Как и те короли на картинах определенного рода, всегда держащие в руках скипетры и вечно увенчанные коронами, поскольку иначе зритель может заподозрить, что они не подлинные короли или не исполняют свои королевские обязанности должным образом, еврей на этой картине изучал Гемару, будучи облачен в талес, увенчан субботним штраймлом[66] и весь окружен этаким сладостным романтическим ореолом, булькающим и пузырящимся наподобие икоты и отрыжек, поднимающихся из слегка переполненного всяческой благодатью желудка. Я не знаю имени этого художника, но репродукции его картин, изображающих в подобном стиле синагоги и еврейские свадьбы, знакомы мне по квартирам некоторых выходцев из Германии, а также иногда и из Восточной Европы. В этих квартирах они должным образом сливаются воедино с запахом тяжелых яств и служат верным зеркалом вкуса своих хозяев.
Если бы, например, доктор Шошан вынул из кармана своего халата большой леденец на палочке и начал его сосать с подчеркнутым наслаждением, признавшись, что нет в мире деликатеса более любимого им, чем эта липкая красноватая канитель, один вид которой вызывает во мне брезгливое чувство, то и это открытие не удивило бы меня больше, чем тот факт, что в искусстве живописи вкус еврейского священника подобен мещанским вкусам вышеупомянутых торговцев, и не потому, что я считаю, будто существует хоть какая-то связь между умственными способностями человека и его вкусом, и не потому, что изображение святого христианского великомученика с нимбом казалось бы мне более соответствующим его комнате, ведь совершенно ясно, что этот святой великомученик оказался бы выходцем если и не из той же самой мастерской, то, по крайней мере, из подобной ей. Мое изумление было вызвано тем, что все жизненные перипетии доктора Шошана, все повороты, все пережитые им переломы и его исключительная и бесстрашная революционность, все это не наложило ни малейшего отпечатка на его вкус, оставшийся таким же, как и во времена детства, когда он учился в начальной школе реб Аврэмле в Старом городе, и он тянулся душой и сердцем к хрустящей сласти, напоминающей на вид розовую вату и называющейся по-арабски «саар-аль-банат», то есть «девичьи волосы». Даже в выражении лица доктора Шошана, сквозь сухую сеть морщин, возникло что-то ребяческое, когда он обратил взгляд на картину и начал рассказывать мне о ее перемещениях от города Амерсфоорт до этой квартиры. Впервые взгляд его упал на нее, когда он приехал в Амерсфоорт на поезде и обдумывал про себя тезисы первой проповеди, которую ему предстояло произнести перед своей первой паствой. Когда поезд остановился и он встал со своего сиденья и протянул руку к полке, чтобы снять с нее чемодан, сквозь мутное вагонное стекло его глазам предстала эта самая картина, выставленная в витрине магазина подержанных вещей на углу улочки, начинающейся от ворот железнодорожной станции. Он совершенно забыл об этом на все время своего пребывания в Амерсфоорте, и только решив расстаться с Генриеттой и навсегда покинуть городок, вдруг вспомнил о картине и все время думал про нее по дороге на станцию, спрашивая себя: возможно ли, чтобы она до сих пор оставалась непроданной. Добравшись до станции, он повернул голову налево, в сторону той улочки, и снова, как впервые, увидел картину в витрине.

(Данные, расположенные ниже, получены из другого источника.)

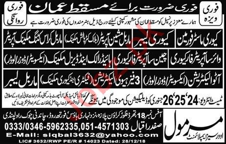 Latest Marmol Overseas Employment Labor Posts Muscat 2025
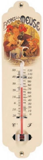 Teploměr s motivem Alfonse Muchy balený v papírové krabičce. číst celé
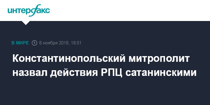 Константинопольский митрополит назвал действия РПЦ сатанинскими
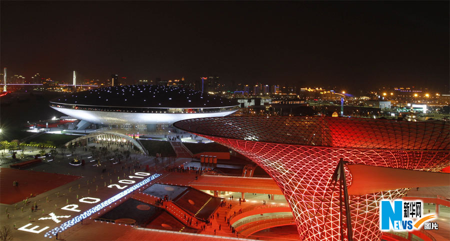 上海世博園區眾多場館亮燈
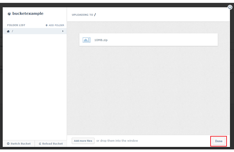 If you need to upload a folder (directory) which includes files, you must use an S3 compatible client.
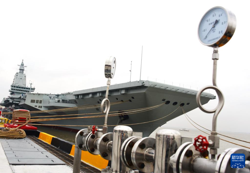 这是首航前靠泊在码头的福建舰(4月30日摄)。
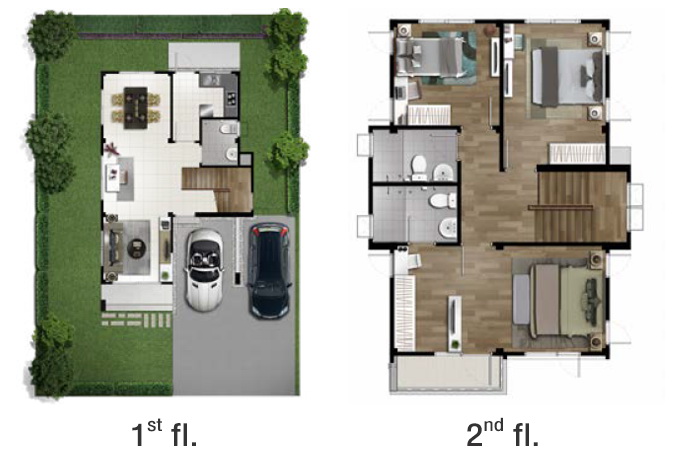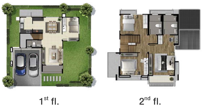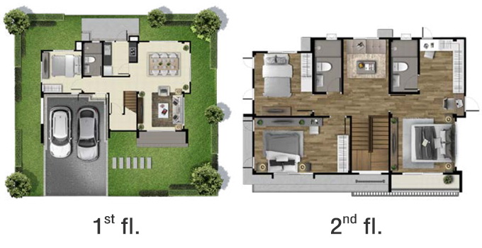 2. แบบบ้าน Alexia บ้านเดี่ยว 2 ชั้น พื้นที่ใช้สอย 154 ตร.ม. 3 ห้องนอน 3 ห้องน้ำ 1 ห้องนั่งเล่น 1 ห้องรับประทานอาหาร 1 ห้องครัว 1 ห้องเก็บของ ที่จอดรถ 1 คัน (ในร่ม) 1 คัน (กลางแจ้ง)
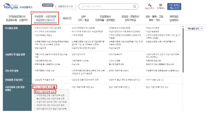 3. 국세청 홈페이지 상단 메뉴에서 '국세증명,사업자등록 세금관련 신청/신고' 를 누르시고 '개인 사업자등록 신청' 을 클릭합니다.
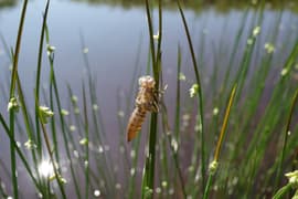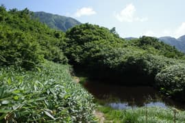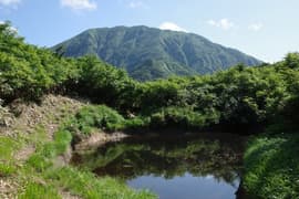 五合から広くてなだらかな起伏の尾根となり、生姜畑と呼ばれる池や草原が点々と続く。前回はこの辺は厚い残雪に覆われていて、池は見ていない。こんなところだったんだなあ。池の周辺には赤トンボが群舞し、水辺の草にはヤゴの抜け殻がしがみついている。池の水は褐色に濁り、中には大きなオタマジャクシがうようよ。水温が高くて、ぐったりしているように見える。雨が降らないと水が干上がりそうで心配だ。

Он начал рассказывать мне еще что-то о владельце магазина подержанных вещей, но лицо его померкло, ребяческое выражение растаяло, оставив сухие морщины старости, углубившиеся и исказившиеся при звуке шагов Паулы, вошедшей в тот момент в комнату, и слова стихли, застыв у него в горле.
Я думал, что больше уже никогда не услышу о перемещениях этой картины. Ведь в бессильной ярости, напавшей на него с приходом жены, доктор Шошан почти не заметил моего ухода и не ответил на мое прощание, и у меня возникло смутное опасение при виде надвигающегося приступа удушья, что вот-вот, в эту самую ночь, душа его отлетит. Однако на следующий день со своего балкона, где он сидел в халате, доктор Шошан со спокойной улыбкой подал мне знак зайти к нему. Он точно и явственно помнил, на чем прервался накануне вечером, и с того самого места, то есть с магазина подержанных вещей, продолжал рассказывать мне о перемещениях картины. Владелец магазина, к его изумлению оказавшийся не евреем, а одним из верных прихожан, не пропустившим ни одной его проповеди, захотел избавить его от хлопот по перевозке картины и настоял на том, что она будет отправлена со страховкой и под его ответственность в любое место, куда повелит высокочтимый господин пастор.
Куда обращен был взор молодого высокочтимого господина пастыря армсфоортского стада, вынужденного покинуть невинную овечку Генриетту, а с нею заодно и весь вверенный ему мелкий скот прежде, чем исполнил он свое назначение и истек срок его службы? Взгляд его обращен был к французскому городу Нуайону, родине Жана Кальвина, дабы пребывать в нем до того времени, пока не отправятся посланцы по своим приходам, выпавшим им в удел, согласно новому распределению. Наставник его и учитель, которому в будущем предстояло стать ему тестем, отец Паулы, вот кто отправил его туда, уполномочив также внести свою скромную лепту в конференцию кальвинистов, проводимую в тот год в родном городе Кальвина. Скромный вклад в великое собрание, помимо участия в собеседованиях и права голоса, включал в себя также одну проповедь о комментарии Кальвина к Тайной вечере, и подготовка этой проповеди, можно сказать, высосала из него все соки. Сперва он думал, что проповедь у него готова, и единственное, чего ему не хватает, — это чуткого уха слушателя, но по мере приближения заветного дня ему все яснее становилось, насколько он не готов. Под конец ему даже пришлось пренебречь обсуждениями и заседаниями, чтобы доработать все то, что еще не было доработано. Накануне проповеди о Тайной вечере, вышагивая по комнате, от стола к окну и обратно, размышляя о последовательности вопросов, не связывавшихся должным образом, он увидел сквозь занавеску грузовик известной транспортной компании «Кальберсон», останавливающийся у подъезда гугенотской гостиницы, где он поселился.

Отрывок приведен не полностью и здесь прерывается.